## [Problem description]
Every line below from the one with "教室后面的大鏡子是張洋經(j" through the one with "1)М'яч кинули від" should be retyped exactly, both ends included; no other lines and no pictures.

## [Recorded data]
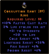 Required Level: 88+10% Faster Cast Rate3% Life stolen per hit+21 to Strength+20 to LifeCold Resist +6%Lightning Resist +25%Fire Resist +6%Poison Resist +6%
--
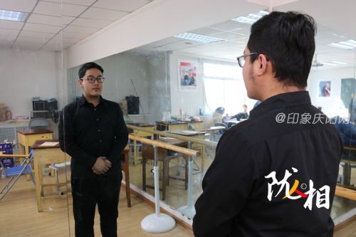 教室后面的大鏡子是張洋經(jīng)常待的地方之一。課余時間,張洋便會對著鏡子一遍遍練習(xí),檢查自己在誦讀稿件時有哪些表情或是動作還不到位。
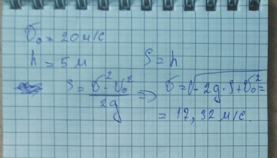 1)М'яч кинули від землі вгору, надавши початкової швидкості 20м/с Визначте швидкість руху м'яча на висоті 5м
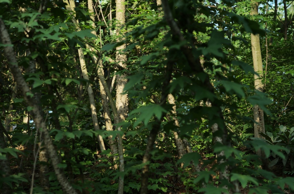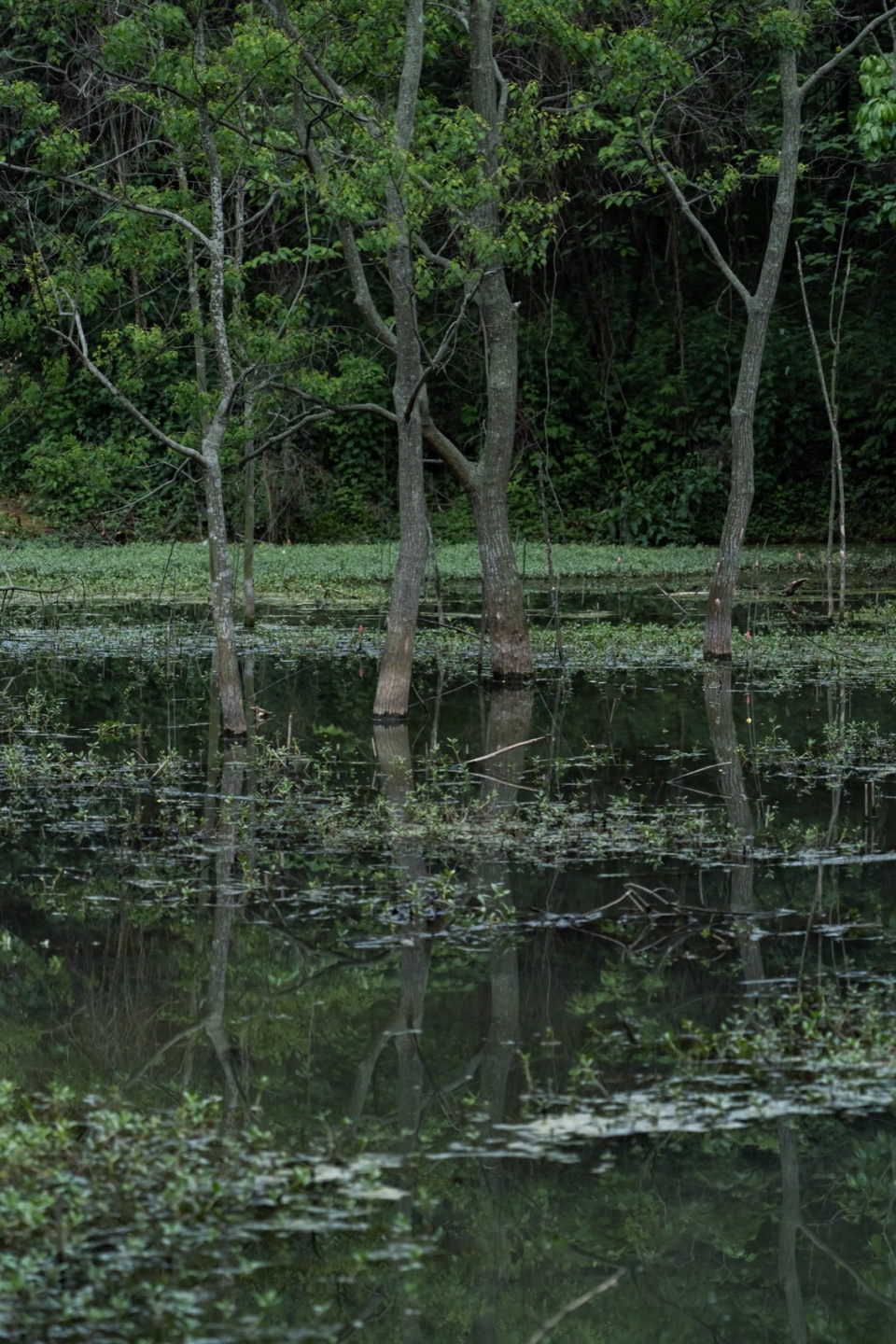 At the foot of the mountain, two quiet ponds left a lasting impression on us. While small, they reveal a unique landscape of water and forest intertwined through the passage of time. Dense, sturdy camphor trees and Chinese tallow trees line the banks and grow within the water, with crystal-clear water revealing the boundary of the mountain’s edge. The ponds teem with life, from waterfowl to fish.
--
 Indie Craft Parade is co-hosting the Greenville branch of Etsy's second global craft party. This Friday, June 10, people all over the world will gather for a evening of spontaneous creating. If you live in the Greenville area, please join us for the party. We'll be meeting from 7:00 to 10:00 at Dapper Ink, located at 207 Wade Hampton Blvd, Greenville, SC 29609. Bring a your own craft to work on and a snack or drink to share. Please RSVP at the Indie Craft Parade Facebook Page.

## [Task output]
 教室后面的大鏡子是張洋經(jīng)常待的地方之一。課余時間,張洋便會對著鏡子一遍遍練習(xí),檢查自己在誦讀稿件時有哪些表情或是動作還不到位。
 1)М'яч кинули від землі вгору, надавши початкової швидкості 20м/с Визначте швидкість руху м'яча на висоті 5м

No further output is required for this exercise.